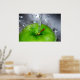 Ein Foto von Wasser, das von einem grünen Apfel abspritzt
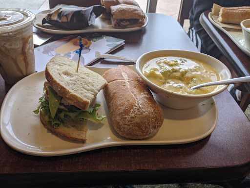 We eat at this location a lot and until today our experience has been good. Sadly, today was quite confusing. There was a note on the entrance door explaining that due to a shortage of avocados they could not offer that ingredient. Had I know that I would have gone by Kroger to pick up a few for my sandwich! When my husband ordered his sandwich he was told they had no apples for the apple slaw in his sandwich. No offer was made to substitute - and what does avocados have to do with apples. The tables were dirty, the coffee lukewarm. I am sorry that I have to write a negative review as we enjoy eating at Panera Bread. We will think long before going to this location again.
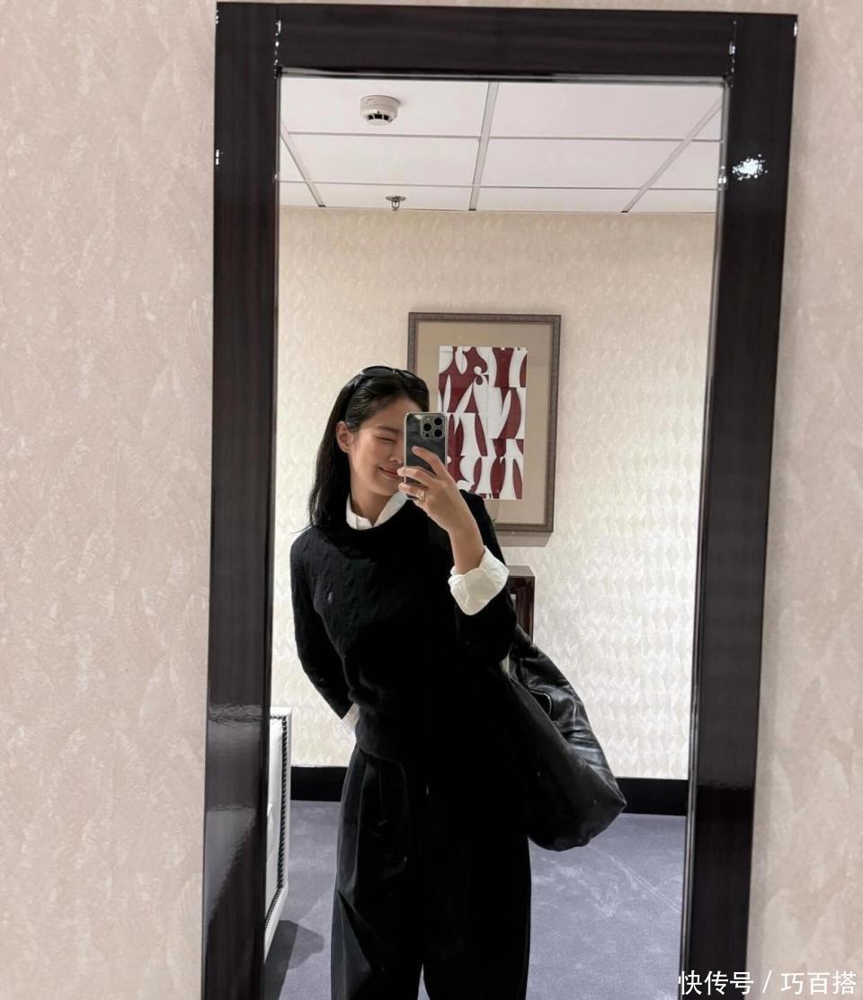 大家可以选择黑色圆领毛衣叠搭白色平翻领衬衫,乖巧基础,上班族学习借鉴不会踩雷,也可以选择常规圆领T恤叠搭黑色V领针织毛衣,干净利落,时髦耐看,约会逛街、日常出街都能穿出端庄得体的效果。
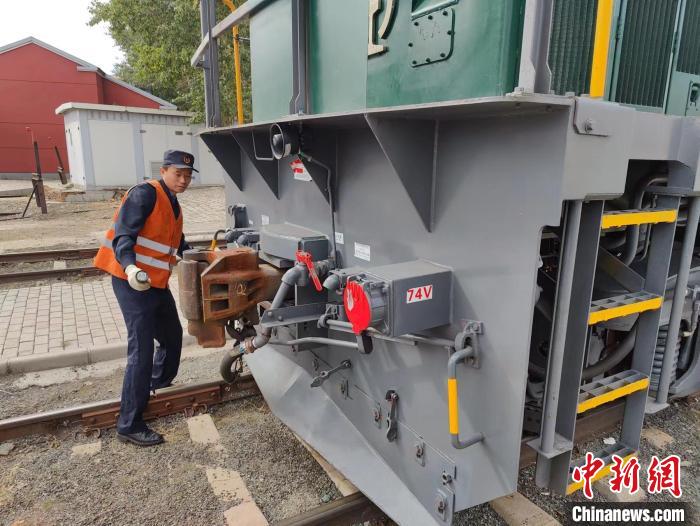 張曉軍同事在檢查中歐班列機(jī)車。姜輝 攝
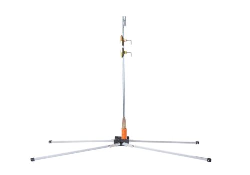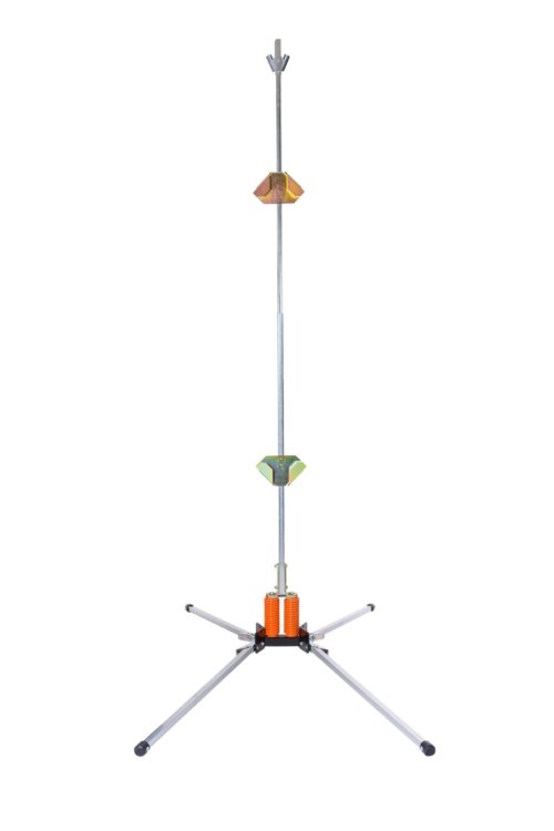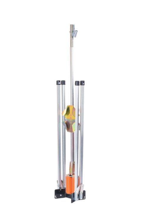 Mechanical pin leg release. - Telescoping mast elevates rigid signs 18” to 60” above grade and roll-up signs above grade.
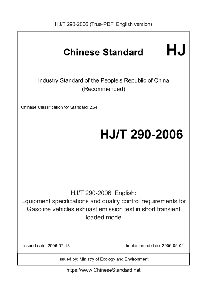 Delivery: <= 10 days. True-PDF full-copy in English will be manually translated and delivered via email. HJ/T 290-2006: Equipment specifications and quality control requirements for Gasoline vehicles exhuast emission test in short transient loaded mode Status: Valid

→ **TO DO**: Print the whole listing above once more, word for word, without its pictures.

→ **RESULT**:
 Ein Foto von Wasser, das von einem grünen Apfel abspritzt
 We eat at this location a lot and until today our experience has been good. Sadly, today was quite confusing. There was a note on the entrance door explaining that due to a shortage of avocados they could not offer that ingredient. Had I know that I would have gone by Kroger to pick up a few for my sandwich! When my husband ordered his sandwich he was told they had no apples for the apple slaw in his sandwich. No offer was made to substitute - and what does avocados have to do with apples. The tables were dirty, the coffee lukewarm. I am sorry that I have to write a negative review as we enjoy eating at Panera Bread. We will think long before going to this location again.
 大家可以选择黑色圆领毛衣叠搭白色平翻领衬衫,乖巧基础,上班族学习借鉴不会踩雷,也可以选择常规圆领T恤叠搭黑色V领针织毛衣,干净利落,时髦耐看,约会逛街、日常出街都能穿出端庄得体的效果。
 張曉軍同事在檢查中歐班列機(jī)車。姜輝 攝
 Mechanical pin leg release. - Telescoping mast elevates rigid signs 18” to 60” above grade and roll-up signs above grade.
 Delivery: <= 10 days. True-PDF full-copy in English will be manually translated and delivered via email. HJ/T 290-2006: Equipment specifications and quality control requirements for Gasoline vehicles exhuast emission test in short transient loaded mode Status: Valid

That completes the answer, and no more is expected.